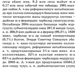 жактав: вегизделгев дыйкаичылык системасыи, А. ч&#8209;ны жургузуу систе:масыи шптеп чьпъш, колдощу аарылчылыгыи туудурат. Кырг&#8209;вда 19,95 :млн га, жалпы жер а.явтывын 54о/ои (10,797 млн za), а. ч&#8209;сывда пайдаланылат. Авыв 1,237 млн гасы айдоо жер, 9,2 млн гасы жайыт ж&#8209;а 0,17 млн гасы табигый чеп чабынды:. 1991&#8209;жылдаи кийин А. ч&#8209;вы реформалоону:в: иатыйж.асыида ири колхоз&#8209;совхоздордун базsсьmца жехе меичикке иегизделгеи жан;ы евдуруmтуR система - дыйкав: ж&#8209;а фермердик чарбалар уюштурулгаи.<br>
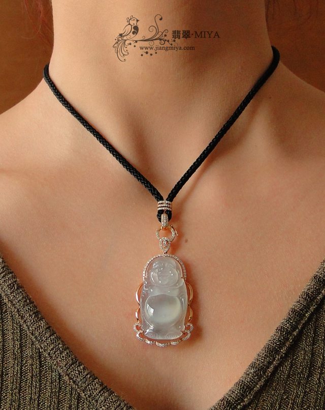 高冰种起荧光饱满大站佛 发表于 2011年04月7日 | 咪雅 高冰种,通透,光感比较强.略有棉. 起荧光,形状饱满,面容好. 非常完美,无裂,无纹,无瑕疵. 整体很水润的,并且佛佛的肚子很饱满,鼓鼓的,很是可爱. 镶嵌18K玫瑰金钻石.底部是镶嵌的一朵大云彩,佛佛脚踏大云彩. 配戴效果很不错的哦.整体来说,这一件在佛佛里算很不错的品质. 这样品质的佛佛现在市场价格大约在2万6千元以上.甚至更高. 高冰种起荧光饱满大站佛 编号:888166 镶嵌尺寸:49*26*10mm翡翠:37*21*7.5mm 价格:18800元 VIP可享受800元优惠.
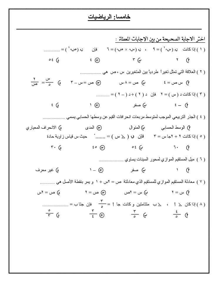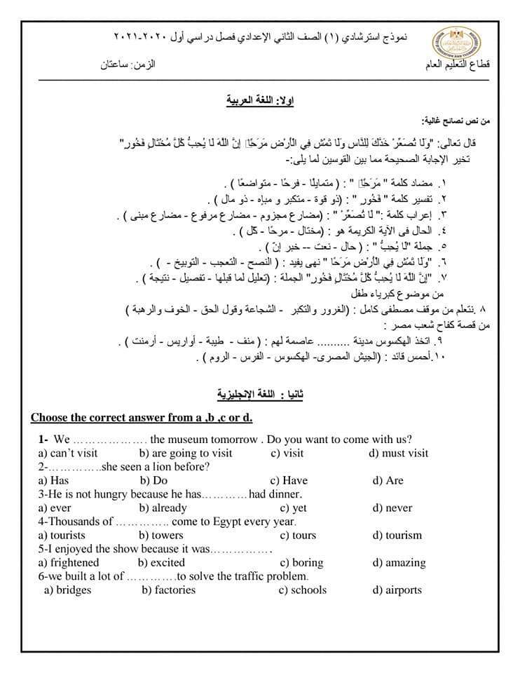 نماذج استرشادية للامتحان الموحد لطلاب الصف الثاني الإعدادي
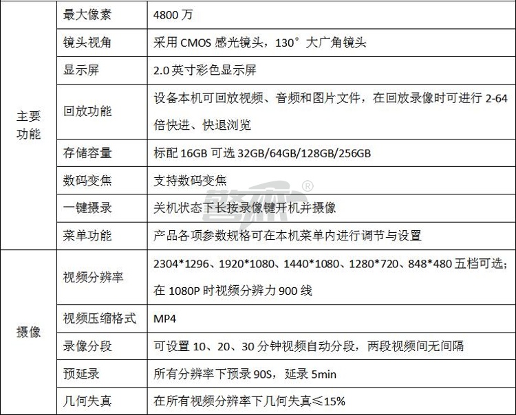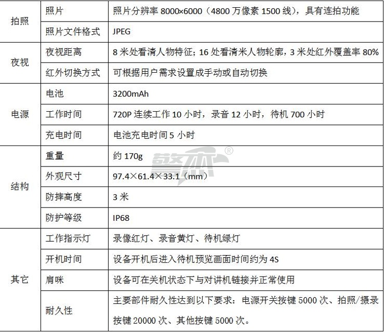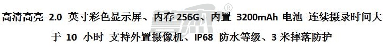 产品名称 : 华德安 执法记录仪DSJ-5H 高清高亮 2.0 英寸彩色显示屏 内存256G 内置 3200mAh电池
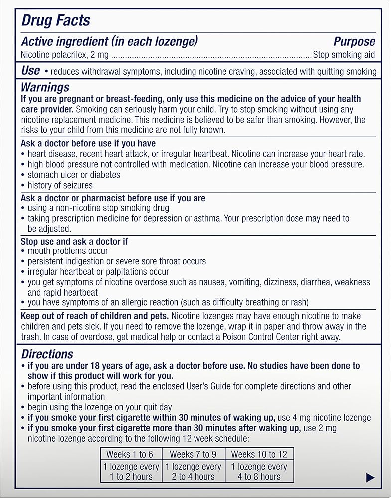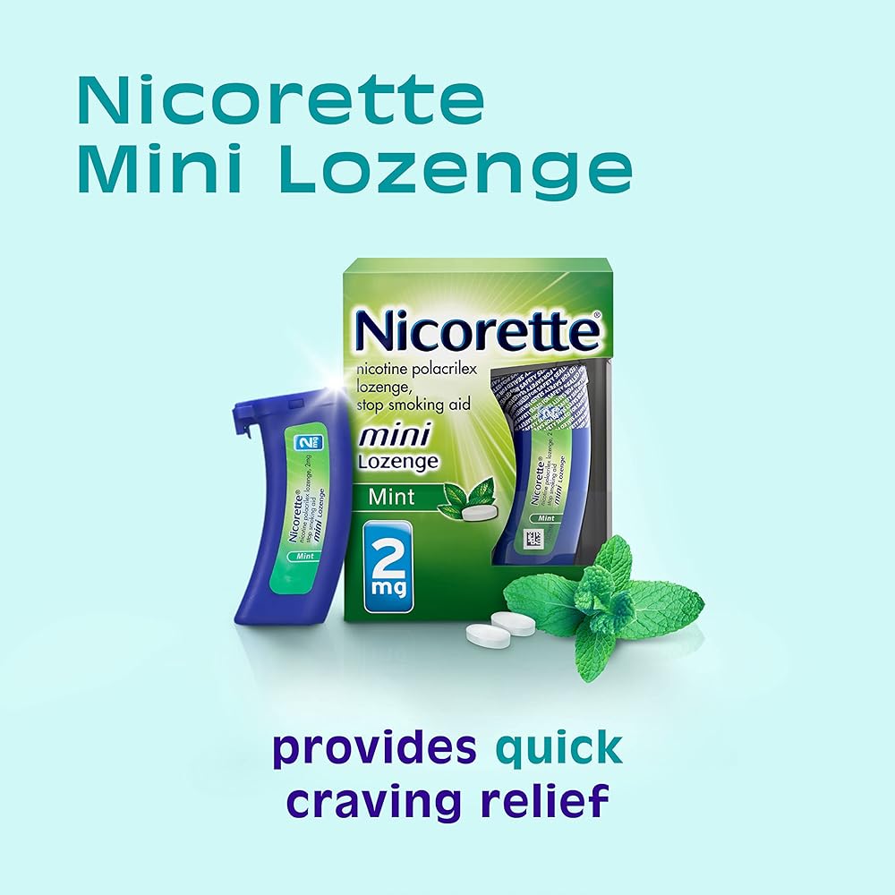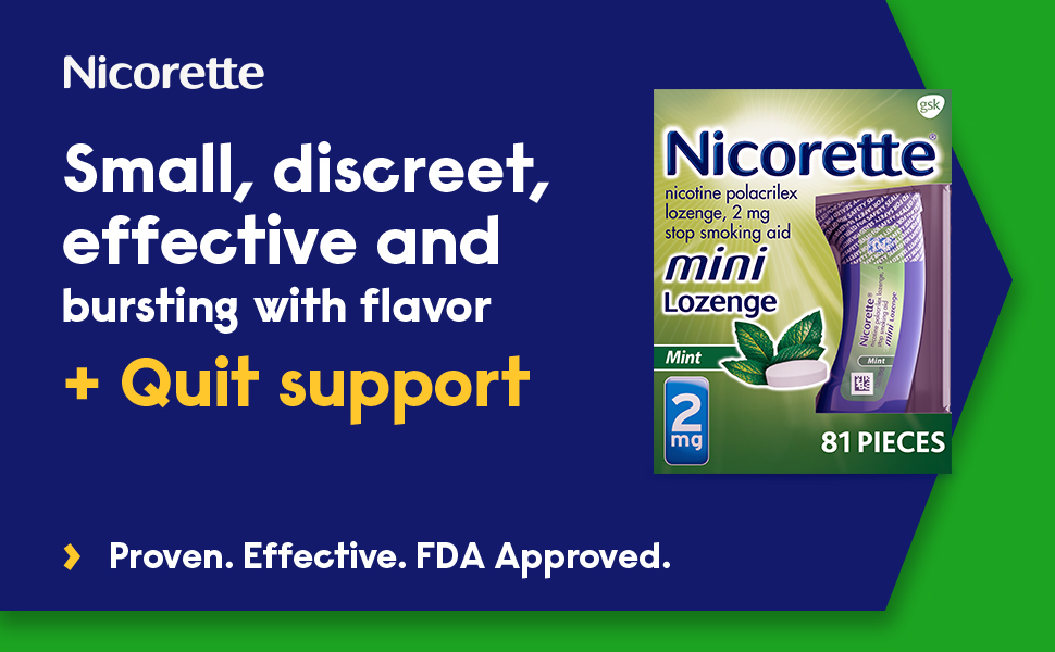 Nicorette 2 mg Mini Nicotine Lozenges with Behavioral Support Program are small and discreet stop smoking aids that relieve sudden cravings quickly to help make quitting easier. Each lozenge delivers a therapeutic dose of nicotine that allows you to control your intake, curb cravings and relieve withdrawal symptoms associated with quitting smoking. These smoking cessation lozenges come in a refreshing Mint flavor and continue working long after fully dissolved, helping you gradually diminish your dependence on nicotine over time. Available in a portable dispenser that fits easily in a pocket or purse, these stop smoking lozenges are perfect for use on the go. If you smoke your first cigarette more than 30 minutes after waking up, start with a 2 mg nicotine lozenge as part of your OTC nicotine replacement therapy. These quit smoking products also feature a Behavioral Support Program for added support to help your quit stick. Use at least nine of these quit smoking aids per day for the first six weeks as part of a 12-week quit program accompanied by behavioral support. Start stopping with Nicorette Nicotine Lozenges, a stop smoking aid.
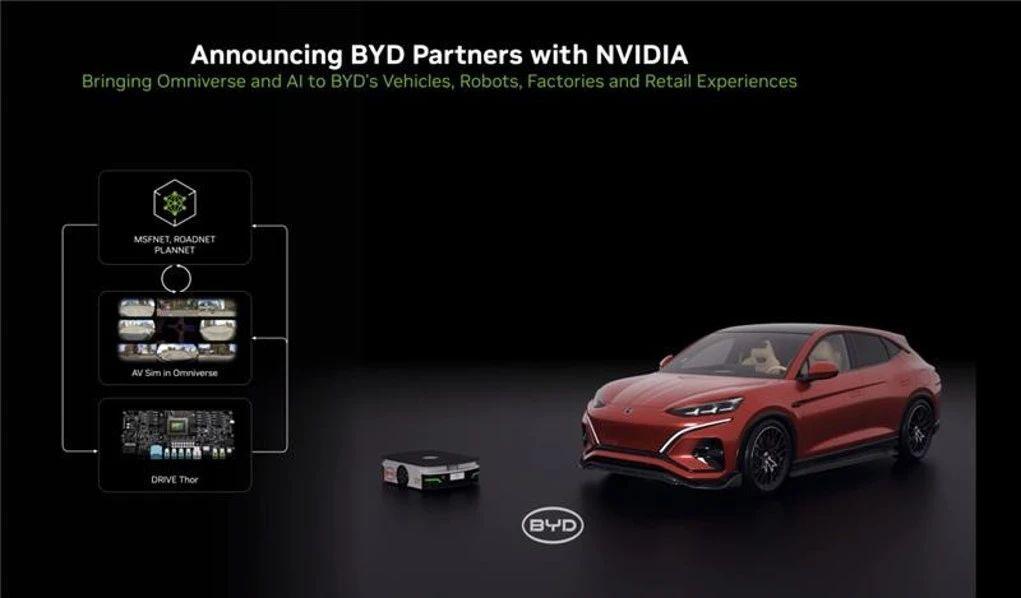 比如比亚迪在首发加入英伟达 Stream 游戏串流娱乐合作之后,又将加入 Thor 智驾芯片的合作阵营,同时还首发了 Project GR00T 机器人、Issac 机器人开发工具、Omniverse 虚拟平台等一系列的深度合作。
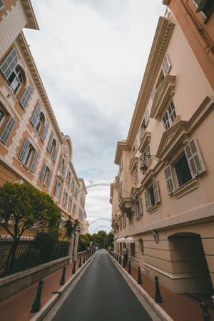Monte Carlo, Monaco - September 23, 2018: Street near the world famous Monte Carlo casino in Monaco at a cloudy day
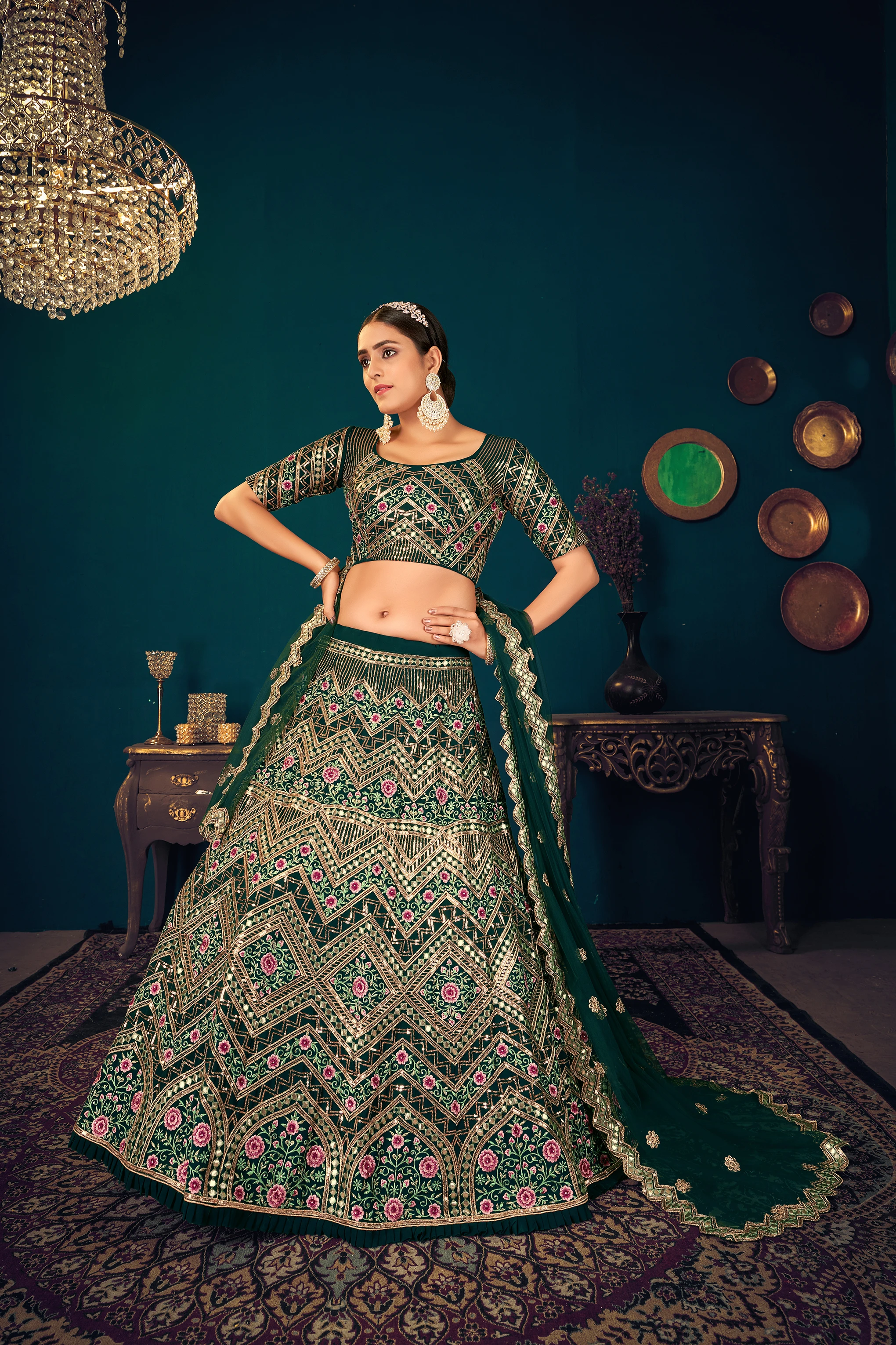 Lehenga Work:Multi Thread, Sequence, Gota Patti Embroidered Work

------------------------------------------------------------

**WHAT THIS TASK INVOLVES**
Begin at the first line of the entries and stop after the line holding "产品名称 : 华德安 执法记录仪DSJ-5H"; repeat those lines exactly, but not the pictures.

**TASK RESPONSE**
 жактав: вегизделгев дыйкаичылык системасыи, А. ч&#8209;ны жургузуу систе:масыи шптеп чьпъш, колдощу аарылчылыгыи туудурат. Кырг&#8209;вда 19,95 :млн га, жалпы жер а.явтывын 54о/ои (10,797 млн za), а. ч&#8209;сывда пайдаланылат. Авыв 1,237 млн гасы айдоо жер, 9,2 млн гасы жайыт ж&#8209;а 0,17 млн гасы табигый чеп чабынды:. 1991&#8209;жылдаи кийин А. ч&#8209;вы реформалоону:в: иатыйж.асыида ири колхоз&#8209;совхоздордун базsсьmца жехе меичикке иегизделгеи жан;ы евдуруmтуR система - дыйкав: ж&#8209;а фермердик чарбалар уюштурулгаи.<br>
 高冰种起荧光饱满大站佛 发表于 2011年04月7日 | 咪雅 高冰种,通透,光感比较强.略有棉. 起荧光,形状饱满,面容好. 非常完美,无裂,无纹,无瑕疵. 整体很水润的,并且佛佛的肚子很饱满,鼓鼓的,很是可爱. 镶嵌18K玫瑰金钻石.底部是镶嵌的一朵大云彩,佛佛脚踏大云彩. 配戴效果很不错的哦.整体来说,这一件在佛佛里算很不错的品质. 这样品质的佛佛现在市场价格大约在2万6千元以上.甚至更高. 高冰种起荧光饱满大站佛 编号:888166 镶嵌尺寸:49*26*10mm翡翠:37*21*7.5mm 价格:18800元 VIP可享受800元优惠.
 نماذج استرشادية للامتحان الموحد لطلاب الصف الثاني الإعدادي
 产品名称 : 华德安 执法记录仪DSJ-5H 高清高亮 2.0 英寸彩色显示屏 内存256G 内置 3200mAh电池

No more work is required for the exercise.